WORK ORDER
Repeat the data exactly, leaving out any image.

RECORDS FOR THE TASK
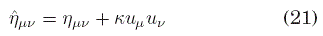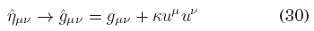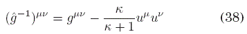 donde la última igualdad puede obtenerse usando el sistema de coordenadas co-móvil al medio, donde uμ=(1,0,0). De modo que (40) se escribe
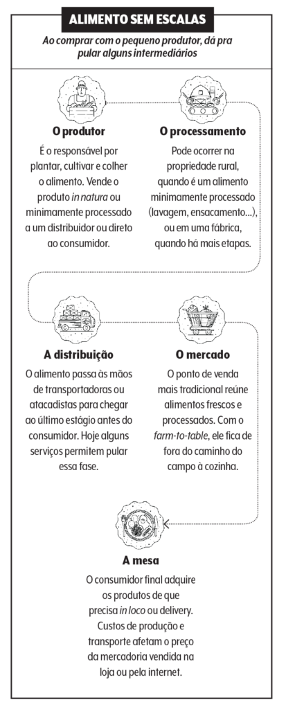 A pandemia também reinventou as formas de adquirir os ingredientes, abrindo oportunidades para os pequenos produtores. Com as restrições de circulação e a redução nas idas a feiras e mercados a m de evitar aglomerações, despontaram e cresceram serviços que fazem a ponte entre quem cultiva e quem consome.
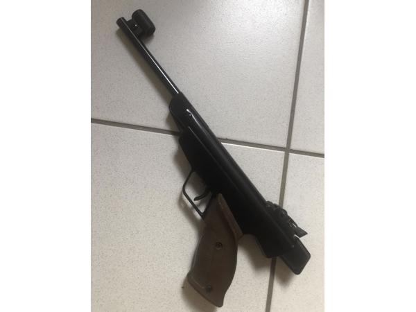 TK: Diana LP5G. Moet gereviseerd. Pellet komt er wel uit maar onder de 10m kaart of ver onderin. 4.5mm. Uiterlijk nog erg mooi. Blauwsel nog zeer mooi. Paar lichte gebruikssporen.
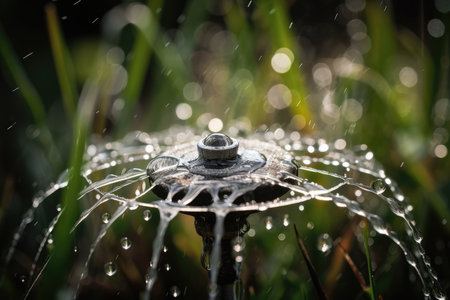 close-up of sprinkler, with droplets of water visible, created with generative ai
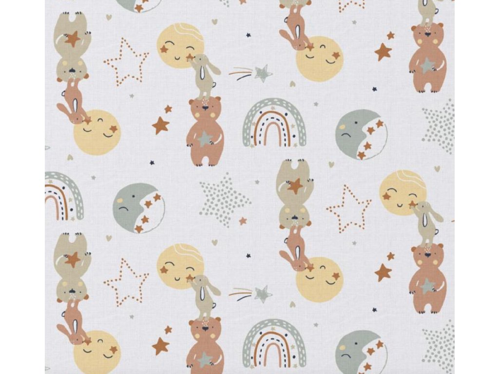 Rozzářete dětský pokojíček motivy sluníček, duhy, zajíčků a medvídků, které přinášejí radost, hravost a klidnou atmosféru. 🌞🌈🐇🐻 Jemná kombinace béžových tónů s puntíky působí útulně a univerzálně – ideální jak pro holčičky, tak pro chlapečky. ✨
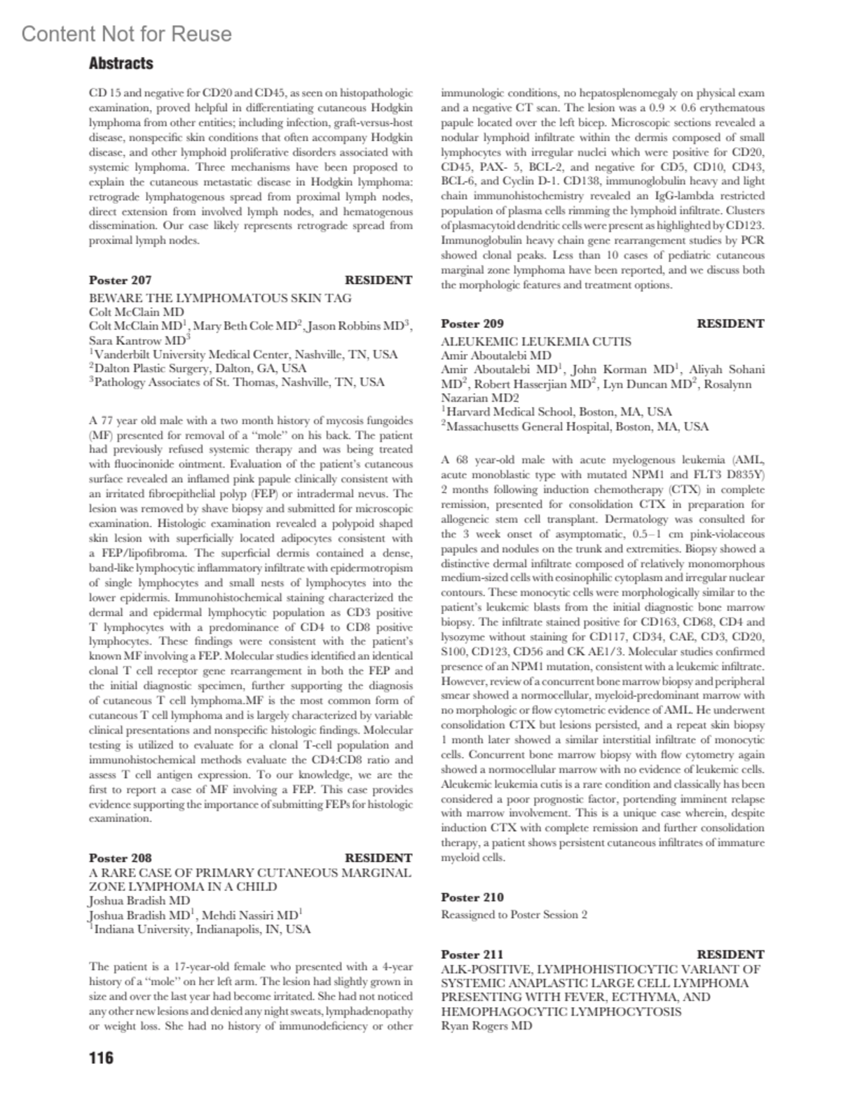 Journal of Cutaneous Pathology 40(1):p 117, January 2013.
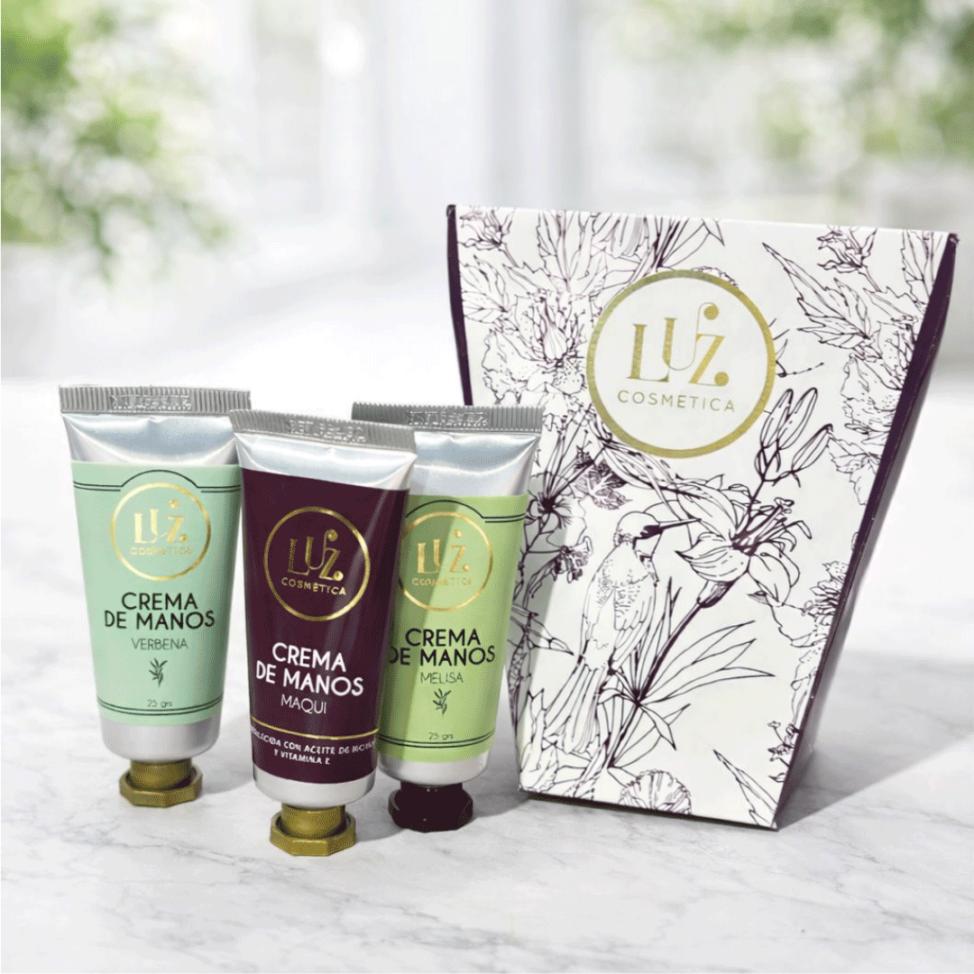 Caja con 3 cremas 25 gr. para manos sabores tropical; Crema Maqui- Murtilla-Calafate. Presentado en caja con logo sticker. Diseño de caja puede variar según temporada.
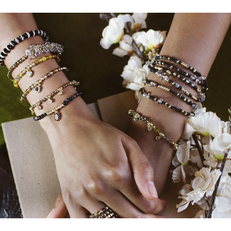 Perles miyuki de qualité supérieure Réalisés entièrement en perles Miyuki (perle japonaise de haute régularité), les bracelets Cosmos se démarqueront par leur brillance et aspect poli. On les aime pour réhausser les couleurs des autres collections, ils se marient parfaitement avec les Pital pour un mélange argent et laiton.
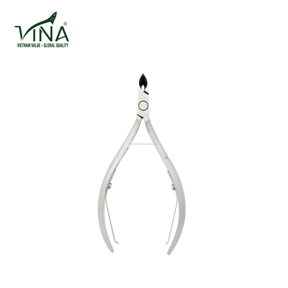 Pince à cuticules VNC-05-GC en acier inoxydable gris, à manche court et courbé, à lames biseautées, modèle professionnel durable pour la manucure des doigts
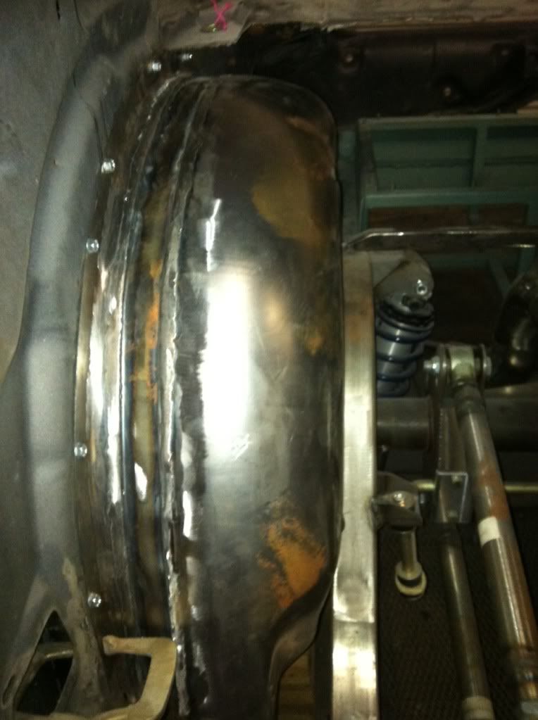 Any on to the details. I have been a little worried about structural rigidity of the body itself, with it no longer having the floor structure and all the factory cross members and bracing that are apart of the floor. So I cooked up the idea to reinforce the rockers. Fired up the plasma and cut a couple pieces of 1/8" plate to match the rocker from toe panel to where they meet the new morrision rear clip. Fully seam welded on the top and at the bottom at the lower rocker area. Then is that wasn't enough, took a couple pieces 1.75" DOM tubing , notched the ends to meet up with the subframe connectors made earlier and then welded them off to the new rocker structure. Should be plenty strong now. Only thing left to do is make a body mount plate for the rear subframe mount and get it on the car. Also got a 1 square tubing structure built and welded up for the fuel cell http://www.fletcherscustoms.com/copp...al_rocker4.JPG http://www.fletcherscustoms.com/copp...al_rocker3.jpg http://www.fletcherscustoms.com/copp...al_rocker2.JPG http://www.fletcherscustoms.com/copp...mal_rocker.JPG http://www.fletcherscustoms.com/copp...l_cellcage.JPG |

TASK SOLUTION
 donde la última igualdad puede obtenerse usando el sistema de coordenadas co-móvil al medio, donde uμ=(1,0,0). De modo que (40) se escribe
 A pandemia também reinventou as formas de adquirir os ingredientes, abrindo oportunidades para os pequenos produtores. Com as restrições de circulação e a redução nas idas a feiras e mercados a m de evitar aglomerações, despontaram e cresceram serviços que fazem a ponte entre quem cultiva e quem consome.
 TK: Diana LP5G. Moet gereviseerd. Pellet komt er wel uit maar onder de 10m kaart of ver onderin. 4.5mm. Uiterlijk nog erg mooi. Blauwsel nog zeer mooi. Paar lichte gebruikssporen.
 close-up of sprinkler, with droplets of water visible, created with generative ai
 Rozzářete dětský pokojíček motivy sluníček, duhy, zajíčků a medvídků, které přinášejí radost, hravost a klidnou atmosféru. 🌞🌈🐇🐻 Jemná kombinace béžových tónů s puntíky působí útulně a univerzálně – ideální jak pro holčičky, tak pro chlapečky. ✨
 Journal of Cutaneous Pathology 40(1):p 117, January 2013.
 Caja con 3 cremas 25 gr. para manos sabores tropical; Crema Maqui- Murtilla-Calafate. Presentado en caja con logo sticker. Diseño de caja puede variar según temporada.
 Perles miyuki de qualité supérieure Réalisés entièrement en perles Miyuki (perle japonaise de haute régularité), les bracelets Cosmos se démarqueront par leur brillance et aspect poli. On les aime pour réhausser les couleurs des autres collections, ils se marient parfaitement avec les Pital pour un mélange argent et laiton.
 Pince à cuticules VNC-05-GC en acier inoxydable gris, à manche court et courbé, à lames biseautées, modèle professionnel durable pour la manucure des doigts
 Any on to the details. I have been a little worried about structural rigidity of the body itself, with it no longer having the floor structure and all the factory cross members and bracing that are apart of the floor. So I cooked up the idea to reinforce the rockers. Fired up the plasma and cut a couple pieces of 1/8" plate to match the rocker from toe panel to where they meet the new morrision rear clip. Fully seam welded on the top and at the bottom at the lower rocker area. Then is that wasn't enough, took a couple pieces 1.75" DOM tubing , notched the ends to meet up with the subframe connectors made earlier and then welded them off to the new rocker structure. Should be plenty strong now. Only thing left to do is make a body mount plate for the rear subframe mount and get it on the car. Also got a 1 square tubing structure built and welded up for the fuel cell http://www.fletcherscustoms.com/copp...al_rocker4.JPG http://www.fletcherscustoms.com/copp...al_rocker3.jpg http://www.fletcherscustoms.com/copp...al_rocker2.JPG http://www.fletcherscustoms.com/copp...mal_rocker.JPG http://www.fletcherscustoms.com/copp...l_cellcage.JPG |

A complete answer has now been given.